Christine Minhee and Steve Calandrillo, The Cure for America's Opioid Crisis? End the War on Drugs, 42 Harv. J. L. & Pub. Pol'y 547 (2019), https://digitalcommons.law.uw.edu/faculty-articles/510
The Cure for America's Opioid Crisis? End the War on Drugs
Harvard Journal of Law and Public Policy
The War on Drugs. What began as a battle waged on morals has created multiple public health crises, and no recent phenomenon illustrates this in more macabre detail than America’s opioid disaster. 2017 alone amassed a higher death toll than the totality of American military casualties in the Vietnam, Iraq, and Afghanistan wars combined. With this wave of mortalities came a crash of parens patriae lawsuits filed by states, counties, and cities on the theory that jurisdictions are entitled to recompense for the costs of addiction ostensibly created by Big Pharma.
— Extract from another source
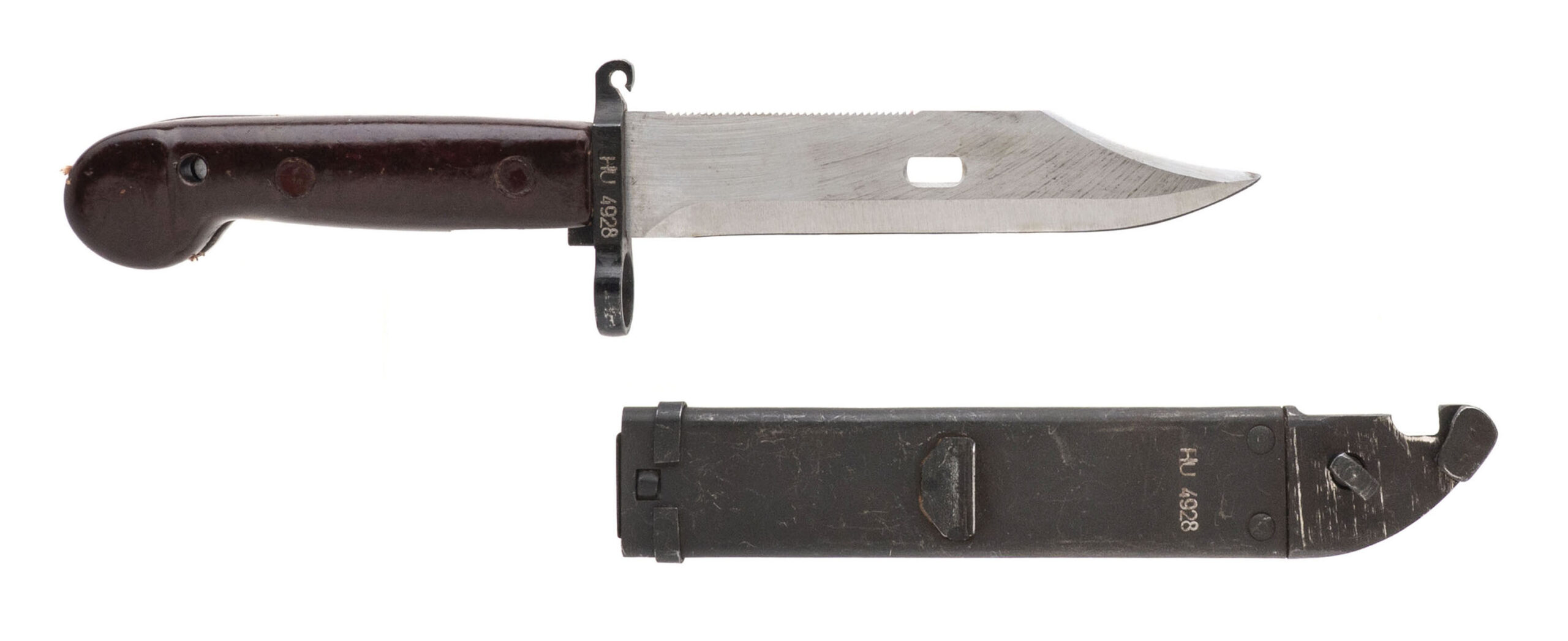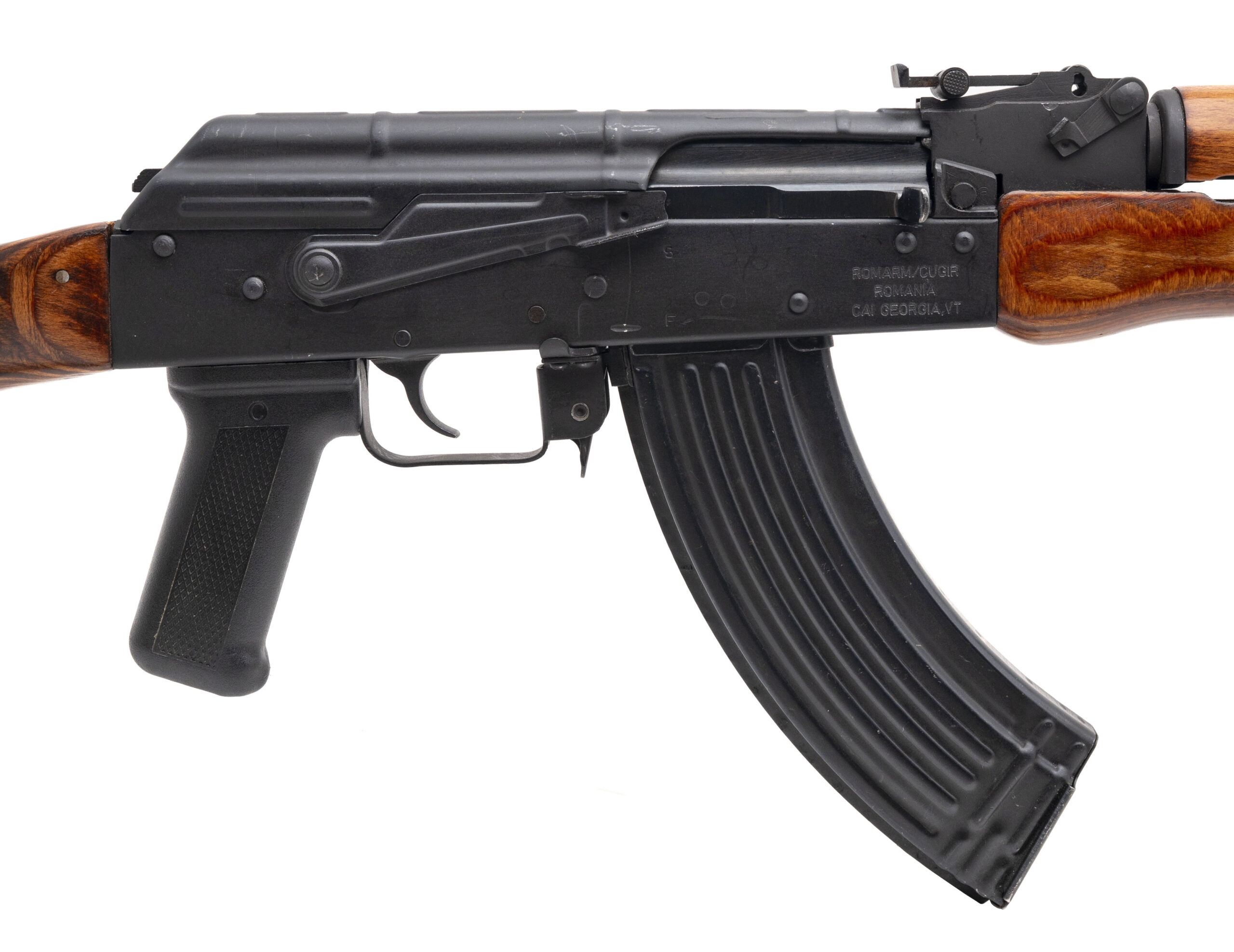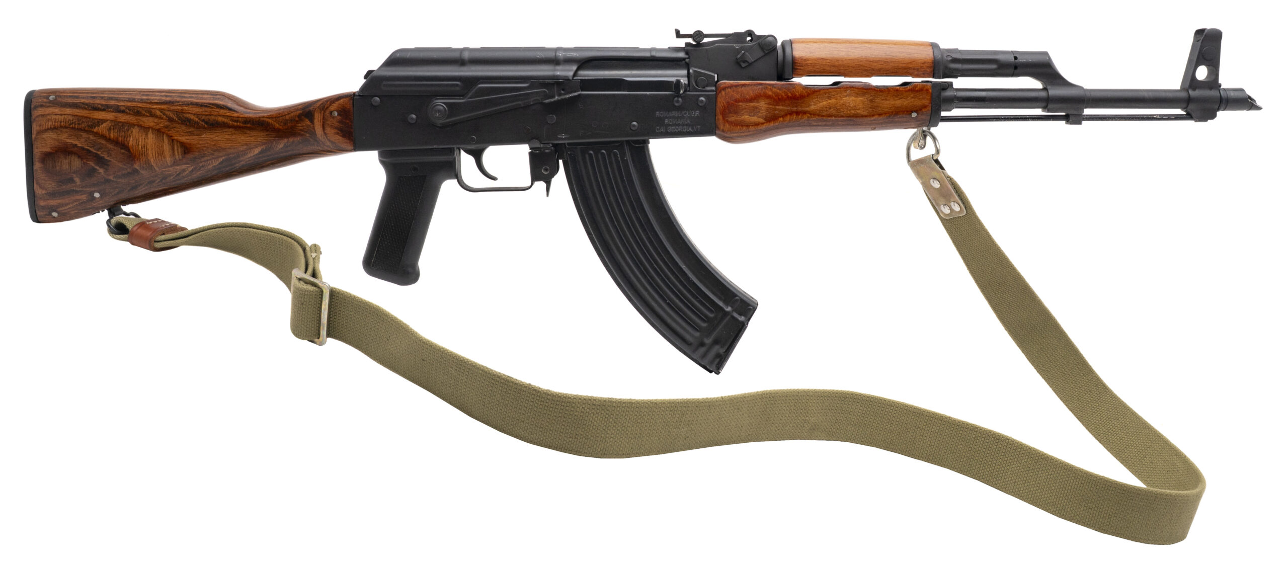 SN: 1972EB0151. Modern production, 7.62x39mm with a 16" barrel. Bore is bright with strong rifling. Romanian AK rifle equipped with an Romanian bayonet & green sling. Metal shows wear but the overall condition is very good.

To those attuned to the failures of the Iron Law of Prohibition, this litigious blame game functions merely as a Band-Aid over a deeply infected wound. This Article synthesizes empirical economic impact data to paint a clearer picture of the role that drug prohibition has played in the devastation of American communities, exposes parens patriae litigation as a misguided attempt at retribution rather than deterrence, and calls for the legal and political decriminalization of opiates. We reveal that America’s fear of decriminalization has at its root the “chemical hook” fallacy—a holdover from Reagan-era drug policy that has been debunked by far less wealthy countries like Switzerland and Portugal, whose economies have already benefited from discarding the War on Drugs as an irrational and expensive approach to public health. We argue that the legal and political acceptance of addiction as a public health issue—not the view that addiction is a moral failure to scourge—is the only rational, fiscally responsible option left to a country that badly needs both a prophylactic against future waves of heavy opioid casualties and restored faith in its own criminal justice system.